The Euro traded in a wide range during last week as both bulls and bears does not want to throw the sponges yet.
Looking at the hourly chart, we can see that the single currency is trading sideways inside a 200pips range.
Consequently, the short-term outlook is unclear, and traders should wait for a break of either 1.0985/1.1000 zone in the upside or 1.0800 psychological support in the downside before to have a strong confirmation about the next move in this pair.
In the med-term, the trend remains bearish below 1.1500 peak, and as far as prices keep trading below this level, the Euro is likely to remain under pressure.
The British pound continued its rout as bears succeeded to push prices below 1.4300 support level, which reinforces our negative view over the med-term.
Conversely, the near-term price action has begun to show some signs of bullish reversal as momentum indicators deepened in the oversold territories.
Hence, we believe that the pair may found a temporary low during the beginning of this week, and should trade sideways to higher, into short-term correction before the bearish trend renew.
In addition, 1.4220 level represents a strong support level and can give the pair some boost in the next hours.
In the other side, if the pair manage to bounce as mentioned above, then we will look for as high as 1.4355-1.4380 zone before to see strong sellers entering the market again.
The pair strengthened further by the end of last week as Oil sell-off hits the Loonie.
Moreover, we have seen the Canadian Dollar falling to as low as 1.4610 level against the U.S Dollar overnight, which is considered as the lowest level since December 2003.
Actually, we believe that prices has reached a major resistance near 1.4600 psychological level and we may see a correction lower in the next hours as profit taking is likely to begin.
Consequently, our view has changed to neutral in the short-term and traders should focus on 1.4420 level as it represent an important hourly support in this pair, and prices are likely to remain steady above this low.
To conclude, we expect the pair to begin losing its bullish momentum gradually. In the same time, a daily close below 1.4420 will confirm a potential bearish reversal.
The Australian Dollar has printed fresh yearly lows as Aussie weakened significantly after breaking below 0.6900 support, which coincide with 2015 lows.
As of now, we believe that the Aussie gave another signal of weakness during last week, and technically, another extension lower is active by now and we can see the pair falling to as low as 0.6750 level in the next days.
If the pair manage to rebound this week, then we will focus on 0.6915-0.6935 zone, from where we expect heavy sellers to appear and the pair to turn lower again.
To summarize, our view remain strongly bearish in this pair and we are seeing that the upside potential is very limited as far as 0.7000 peak is intact.
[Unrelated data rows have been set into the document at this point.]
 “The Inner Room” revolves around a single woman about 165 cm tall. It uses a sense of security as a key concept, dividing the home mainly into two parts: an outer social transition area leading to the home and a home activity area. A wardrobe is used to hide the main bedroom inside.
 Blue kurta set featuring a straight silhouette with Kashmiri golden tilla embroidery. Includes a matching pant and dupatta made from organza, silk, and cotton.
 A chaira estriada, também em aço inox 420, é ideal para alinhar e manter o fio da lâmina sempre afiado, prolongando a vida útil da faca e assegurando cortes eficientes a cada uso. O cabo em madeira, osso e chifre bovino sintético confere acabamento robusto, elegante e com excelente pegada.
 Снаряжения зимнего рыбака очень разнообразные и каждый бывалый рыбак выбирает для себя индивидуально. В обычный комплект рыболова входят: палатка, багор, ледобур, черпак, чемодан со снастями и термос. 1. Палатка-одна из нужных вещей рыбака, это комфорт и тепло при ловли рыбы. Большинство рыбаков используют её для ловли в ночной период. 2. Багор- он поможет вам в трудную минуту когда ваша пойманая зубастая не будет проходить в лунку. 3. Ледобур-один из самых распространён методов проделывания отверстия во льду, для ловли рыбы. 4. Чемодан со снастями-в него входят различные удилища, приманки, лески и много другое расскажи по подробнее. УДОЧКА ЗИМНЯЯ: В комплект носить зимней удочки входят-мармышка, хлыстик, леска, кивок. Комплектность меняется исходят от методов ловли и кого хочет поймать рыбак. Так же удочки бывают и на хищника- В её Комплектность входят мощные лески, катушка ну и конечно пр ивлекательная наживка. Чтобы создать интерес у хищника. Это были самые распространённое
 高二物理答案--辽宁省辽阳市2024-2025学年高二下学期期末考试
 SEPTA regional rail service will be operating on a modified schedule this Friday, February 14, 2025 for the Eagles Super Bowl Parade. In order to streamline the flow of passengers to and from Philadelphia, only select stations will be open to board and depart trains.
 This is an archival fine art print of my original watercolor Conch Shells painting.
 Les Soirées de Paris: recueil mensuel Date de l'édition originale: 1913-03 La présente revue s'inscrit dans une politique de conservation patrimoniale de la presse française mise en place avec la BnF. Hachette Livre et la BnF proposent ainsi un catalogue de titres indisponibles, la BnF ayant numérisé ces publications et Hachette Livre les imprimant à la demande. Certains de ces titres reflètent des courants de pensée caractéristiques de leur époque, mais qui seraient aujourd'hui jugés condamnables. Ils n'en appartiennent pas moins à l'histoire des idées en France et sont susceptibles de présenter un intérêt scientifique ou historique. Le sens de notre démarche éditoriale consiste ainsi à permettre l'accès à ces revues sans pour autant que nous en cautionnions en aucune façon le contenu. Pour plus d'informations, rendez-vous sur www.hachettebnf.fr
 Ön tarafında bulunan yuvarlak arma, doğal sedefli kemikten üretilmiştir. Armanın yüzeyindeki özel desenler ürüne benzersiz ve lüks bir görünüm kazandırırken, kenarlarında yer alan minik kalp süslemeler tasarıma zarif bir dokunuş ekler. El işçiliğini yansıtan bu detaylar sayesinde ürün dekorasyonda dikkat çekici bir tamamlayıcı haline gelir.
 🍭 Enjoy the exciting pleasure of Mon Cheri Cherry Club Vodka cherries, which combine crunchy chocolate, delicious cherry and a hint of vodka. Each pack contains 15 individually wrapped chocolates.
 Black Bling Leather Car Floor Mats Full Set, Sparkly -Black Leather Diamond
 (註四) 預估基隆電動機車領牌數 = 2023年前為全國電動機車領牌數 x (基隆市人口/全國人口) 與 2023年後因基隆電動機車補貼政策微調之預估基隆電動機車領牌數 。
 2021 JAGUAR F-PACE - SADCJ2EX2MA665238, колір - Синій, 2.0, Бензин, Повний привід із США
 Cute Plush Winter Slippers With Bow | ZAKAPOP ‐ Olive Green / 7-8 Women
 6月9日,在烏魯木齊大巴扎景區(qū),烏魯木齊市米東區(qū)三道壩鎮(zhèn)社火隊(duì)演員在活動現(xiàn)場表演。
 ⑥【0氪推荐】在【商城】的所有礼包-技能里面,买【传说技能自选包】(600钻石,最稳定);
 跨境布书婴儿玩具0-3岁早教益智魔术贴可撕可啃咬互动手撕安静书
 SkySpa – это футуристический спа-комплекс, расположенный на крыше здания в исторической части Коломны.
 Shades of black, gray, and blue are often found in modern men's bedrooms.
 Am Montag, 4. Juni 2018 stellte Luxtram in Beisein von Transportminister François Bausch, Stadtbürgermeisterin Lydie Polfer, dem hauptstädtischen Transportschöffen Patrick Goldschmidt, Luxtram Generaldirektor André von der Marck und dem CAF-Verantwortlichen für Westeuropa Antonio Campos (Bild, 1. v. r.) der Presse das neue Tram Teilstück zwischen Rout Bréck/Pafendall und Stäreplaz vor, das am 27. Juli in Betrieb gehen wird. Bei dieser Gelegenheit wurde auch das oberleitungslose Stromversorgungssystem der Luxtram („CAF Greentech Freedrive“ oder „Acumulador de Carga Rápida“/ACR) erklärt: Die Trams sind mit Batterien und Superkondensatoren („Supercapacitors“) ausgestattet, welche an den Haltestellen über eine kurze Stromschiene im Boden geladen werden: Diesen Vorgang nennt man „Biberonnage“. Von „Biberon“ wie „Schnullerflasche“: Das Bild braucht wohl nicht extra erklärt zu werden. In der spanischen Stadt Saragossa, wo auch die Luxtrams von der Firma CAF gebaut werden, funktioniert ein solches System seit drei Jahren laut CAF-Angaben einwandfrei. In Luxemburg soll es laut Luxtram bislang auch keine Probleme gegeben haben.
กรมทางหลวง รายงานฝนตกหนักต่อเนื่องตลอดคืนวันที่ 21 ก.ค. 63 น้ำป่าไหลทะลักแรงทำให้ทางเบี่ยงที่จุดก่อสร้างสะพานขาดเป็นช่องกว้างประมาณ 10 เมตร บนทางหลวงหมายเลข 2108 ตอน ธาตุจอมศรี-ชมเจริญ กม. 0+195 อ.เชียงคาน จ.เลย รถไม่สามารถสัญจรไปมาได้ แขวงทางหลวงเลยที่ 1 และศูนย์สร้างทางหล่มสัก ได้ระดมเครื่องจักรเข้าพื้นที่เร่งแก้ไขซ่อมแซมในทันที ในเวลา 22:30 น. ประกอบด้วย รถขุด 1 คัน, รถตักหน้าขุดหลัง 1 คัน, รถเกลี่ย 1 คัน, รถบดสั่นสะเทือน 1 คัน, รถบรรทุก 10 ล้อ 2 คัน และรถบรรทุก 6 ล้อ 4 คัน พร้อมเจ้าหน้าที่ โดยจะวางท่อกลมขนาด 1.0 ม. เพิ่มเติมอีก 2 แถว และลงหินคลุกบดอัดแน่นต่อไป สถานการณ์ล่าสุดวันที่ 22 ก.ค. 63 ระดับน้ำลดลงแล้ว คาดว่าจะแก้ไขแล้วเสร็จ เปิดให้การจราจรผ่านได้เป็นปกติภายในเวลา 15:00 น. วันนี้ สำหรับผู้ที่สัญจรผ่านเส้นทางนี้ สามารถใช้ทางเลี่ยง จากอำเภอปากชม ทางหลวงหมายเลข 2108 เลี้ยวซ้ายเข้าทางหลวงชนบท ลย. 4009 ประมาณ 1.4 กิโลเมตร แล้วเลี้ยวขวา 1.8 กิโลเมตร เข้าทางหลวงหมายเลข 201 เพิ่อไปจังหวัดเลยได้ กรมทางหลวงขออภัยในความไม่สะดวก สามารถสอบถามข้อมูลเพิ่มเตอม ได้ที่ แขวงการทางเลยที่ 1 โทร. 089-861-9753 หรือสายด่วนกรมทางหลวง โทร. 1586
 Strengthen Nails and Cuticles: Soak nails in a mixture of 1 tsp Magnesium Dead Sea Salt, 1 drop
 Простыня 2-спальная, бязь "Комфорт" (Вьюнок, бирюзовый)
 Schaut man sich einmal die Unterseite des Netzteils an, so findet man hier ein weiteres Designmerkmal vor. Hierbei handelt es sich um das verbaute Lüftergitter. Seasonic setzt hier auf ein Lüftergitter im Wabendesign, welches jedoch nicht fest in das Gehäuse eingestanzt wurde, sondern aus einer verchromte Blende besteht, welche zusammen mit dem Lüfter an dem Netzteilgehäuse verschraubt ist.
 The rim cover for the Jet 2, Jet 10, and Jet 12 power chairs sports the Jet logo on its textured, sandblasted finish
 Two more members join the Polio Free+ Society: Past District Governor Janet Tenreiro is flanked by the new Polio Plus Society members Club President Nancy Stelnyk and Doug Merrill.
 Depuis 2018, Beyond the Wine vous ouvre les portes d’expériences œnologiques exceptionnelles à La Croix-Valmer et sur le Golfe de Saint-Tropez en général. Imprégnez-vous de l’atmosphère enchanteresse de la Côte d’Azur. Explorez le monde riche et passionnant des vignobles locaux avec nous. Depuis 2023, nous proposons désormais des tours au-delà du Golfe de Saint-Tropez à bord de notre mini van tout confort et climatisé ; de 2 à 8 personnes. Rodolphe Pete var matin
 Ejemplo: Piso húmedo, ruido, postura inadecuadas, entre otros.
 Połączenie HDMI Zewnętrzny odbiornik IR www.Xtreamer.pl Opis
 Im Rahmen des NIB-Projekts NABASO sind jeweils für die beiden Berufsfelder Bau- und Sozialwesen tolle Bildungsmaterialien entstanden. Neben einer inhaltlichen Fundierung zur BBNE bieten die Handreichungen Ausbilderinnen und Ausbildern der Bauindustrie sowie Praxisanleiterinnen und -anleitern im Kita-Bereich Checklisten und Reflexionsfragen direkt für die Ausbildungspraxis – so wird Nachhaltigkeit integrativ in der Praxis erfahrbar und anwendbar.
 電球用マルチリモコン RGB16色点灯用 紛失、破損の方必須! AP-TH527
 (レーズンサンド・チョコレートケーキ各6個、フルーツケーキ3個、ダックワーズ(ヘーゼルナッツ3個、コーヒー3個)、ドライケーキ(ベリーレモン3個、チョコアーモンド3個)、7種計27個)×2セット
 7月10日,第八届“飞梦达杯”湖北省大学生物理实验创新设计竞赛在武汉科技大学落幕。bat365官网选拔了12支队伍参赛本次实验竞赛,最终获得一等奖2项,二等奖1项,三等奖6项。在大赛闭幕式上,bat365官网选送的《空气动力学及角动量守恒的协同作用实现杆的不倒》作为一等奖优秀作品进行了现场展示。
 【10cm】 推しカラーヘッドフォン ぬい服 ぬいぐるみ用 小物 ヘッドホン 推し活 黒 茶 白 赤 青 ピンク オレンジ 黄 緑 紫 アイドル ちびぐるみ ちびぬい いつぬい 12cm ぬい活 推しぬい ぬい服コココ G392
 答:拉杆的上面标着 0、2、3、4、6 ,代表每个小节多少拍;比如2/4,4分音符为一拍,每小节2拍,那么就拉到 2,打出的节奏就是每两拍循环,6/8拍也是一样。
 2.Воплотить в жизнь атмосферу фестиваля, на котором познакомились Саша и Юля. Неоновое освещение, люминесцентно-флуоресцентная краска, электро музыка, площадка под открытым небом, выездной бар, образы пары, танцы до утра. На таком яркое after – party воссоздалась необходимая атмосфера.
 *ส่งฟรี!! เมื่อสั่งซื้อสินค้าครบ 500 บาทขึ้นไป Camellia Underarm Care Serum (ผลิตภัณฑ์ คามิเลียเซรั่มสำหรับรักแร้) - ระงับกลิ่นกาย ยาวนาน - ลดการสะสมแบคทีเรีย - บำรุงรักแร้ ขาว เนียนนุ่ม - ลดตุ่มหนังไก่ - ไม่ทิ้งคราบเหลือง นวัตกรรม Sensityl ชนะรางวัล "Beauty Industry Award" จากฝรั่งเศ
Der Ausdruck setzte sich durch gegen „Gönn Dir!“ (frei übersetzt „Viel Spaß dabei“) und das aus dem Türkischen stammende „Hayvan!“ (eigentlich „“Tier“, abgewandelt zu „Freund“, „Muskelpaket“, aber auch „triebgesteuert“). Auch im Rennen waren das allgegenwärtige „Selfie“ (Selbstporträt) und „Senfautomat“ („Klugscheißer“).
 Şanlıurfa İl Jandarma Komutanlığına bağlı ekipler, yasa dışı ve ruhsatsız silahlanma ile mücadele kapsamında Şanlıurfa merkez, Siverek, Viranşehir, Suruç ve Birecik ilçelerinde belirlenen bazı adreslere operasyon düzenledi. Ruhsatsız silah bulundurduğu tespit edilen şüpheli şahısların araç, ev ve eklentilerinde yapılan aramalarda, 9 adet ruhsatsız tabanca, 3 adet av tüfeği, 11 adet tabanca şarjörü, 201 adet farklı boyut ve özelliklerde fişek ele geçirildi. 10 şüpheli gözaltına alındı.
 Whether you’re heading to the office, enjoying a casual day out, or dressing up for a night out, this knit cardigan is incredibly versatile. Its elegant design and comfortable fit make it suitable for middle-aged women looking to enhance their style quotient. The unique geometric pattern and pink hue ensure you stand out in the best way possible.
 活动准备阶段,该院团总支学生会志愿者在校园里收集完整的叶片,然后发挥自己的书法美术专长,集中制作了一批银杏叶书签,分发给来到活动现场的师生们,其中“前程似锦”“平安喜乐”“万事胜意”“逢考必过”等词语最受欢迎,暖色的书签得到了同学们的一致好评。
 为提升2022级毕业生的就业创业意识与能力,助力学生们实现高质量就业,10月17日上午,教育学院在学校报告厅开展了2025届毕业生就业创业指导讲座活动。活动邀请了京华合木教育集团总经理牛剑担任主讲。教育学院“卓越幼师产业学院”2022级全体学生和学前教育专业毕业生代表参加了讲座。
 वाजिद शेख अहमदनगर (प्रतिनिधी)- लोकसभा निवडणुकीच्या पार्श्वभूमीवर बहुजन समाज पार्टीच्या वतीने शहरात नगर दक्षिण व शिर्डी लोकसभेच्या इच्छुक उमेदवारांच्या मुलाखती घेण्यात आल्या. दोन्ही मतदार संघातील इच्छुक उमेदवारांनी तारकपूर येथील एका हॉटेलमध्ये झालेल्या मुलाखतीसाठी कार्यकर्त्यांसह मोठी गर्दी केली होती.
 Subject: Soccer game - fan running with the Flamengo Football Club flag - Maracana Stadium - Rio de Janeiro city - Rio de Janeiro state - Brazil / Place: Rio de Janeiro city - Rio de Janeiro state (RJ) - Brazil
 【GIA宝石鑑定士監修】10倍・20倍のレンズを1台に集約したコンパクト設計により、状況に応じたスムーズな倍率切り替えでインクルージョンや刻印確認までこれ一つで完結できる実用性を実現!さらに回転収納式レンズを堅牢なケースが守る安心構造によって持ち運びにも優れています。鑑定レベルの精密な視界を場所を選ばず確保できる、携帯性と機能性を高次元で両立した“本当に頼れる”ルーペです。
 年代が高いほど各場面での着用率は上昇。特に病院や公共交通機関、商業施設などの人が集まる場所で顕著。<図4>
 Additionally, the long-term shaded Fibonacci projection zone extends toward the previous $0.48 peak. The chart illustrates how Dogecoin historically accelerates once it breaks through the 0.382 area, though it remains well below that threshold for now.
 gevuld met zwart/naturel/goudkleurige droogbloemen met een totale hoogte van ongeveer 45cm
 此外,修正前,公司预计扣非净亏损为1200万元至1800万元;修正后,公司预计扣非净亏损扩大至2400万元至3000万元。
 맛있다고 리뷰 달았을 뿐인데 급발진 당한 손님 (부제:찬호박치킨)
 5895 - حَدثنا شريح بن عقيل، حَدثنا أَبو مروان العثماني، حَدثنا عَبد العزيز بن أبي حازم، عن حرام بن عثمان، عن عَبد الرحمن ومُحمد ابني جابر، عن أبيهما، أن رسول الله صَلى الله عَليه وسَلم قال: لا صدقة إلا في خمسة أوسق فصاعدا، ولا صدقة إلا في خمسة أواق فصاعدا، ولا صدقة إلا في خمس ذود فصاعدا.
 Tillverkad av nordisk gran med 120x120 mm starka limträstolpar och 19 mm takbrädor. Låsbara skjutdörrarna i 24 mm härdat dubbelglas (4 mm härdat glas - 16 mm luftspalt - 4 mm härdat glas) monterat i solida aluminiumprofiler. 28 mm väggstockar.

USD/JPY keep fighting to protect 116.20 lows as a break below this level should trigger a big sell-off in the pair.
The pair fell to as low as 116.50 level on Friday before to bounce back above 117.00 mark again.
We believe that this recovery is likely to be short-lived and regarding the near-term price action, we expect the pair to trade slightly higher in the coming hours towards 117.60-117.85 zone before to see a reaction lower.
Moreover, our view still negative in USD/JPY as momentum indicators still calling for further weakness.
Finally, 119.70 represent the hourly bearish pivot, and our view is likely to remain unchanged below this level.
The yellow metal showed clear signs of strength as prices rebounded from a critical Fibonacci retracement.
Gold has lost exactly 61.8% of its recent recovery from 1046 lows to 1113 peak. This level stands at 1072$ per ounce and we have seen a strong reversal from this level, which gave us a confirmation that the bullish trend in the hourly chart is still alive.
Currently, we expect gold to trade higher in the direction of the hourly resistance line, located at 1095$.
In other side, the hourly bullish pivot stands at 1072$ actually, and as far as this level holds, another rally towards 1113 peak cannot be ruled out.
To conclude, gold is bullish in the hourly chart, and a re-test of 1095$ resistance level should be seen very soon, while a daily close below 1072 support level will put gold under pressure again.
The New Zealand Dollar extended its losses and fell below 0.6400 psychological support last Friday to reach as low as 0.6380 during the U.S trading session.
As of now, the trend remains bearish in the hourly chart, and we expect the pair to remain under pressure as far as 0.6590peak still intact.
Consequently, any rebound in this pair during this week should face strong selling pressure for another leg lower towards 0.6290 level in the next days.
Near-term resistance zone stands between 0.6485 and 0.6510 levels, and a break above these levels will expose 0.6590 peak.
In addition, a daily close above this peak will confirm a bullish reversal in the short-term. Otherwise, downside risks are likely to remain strong.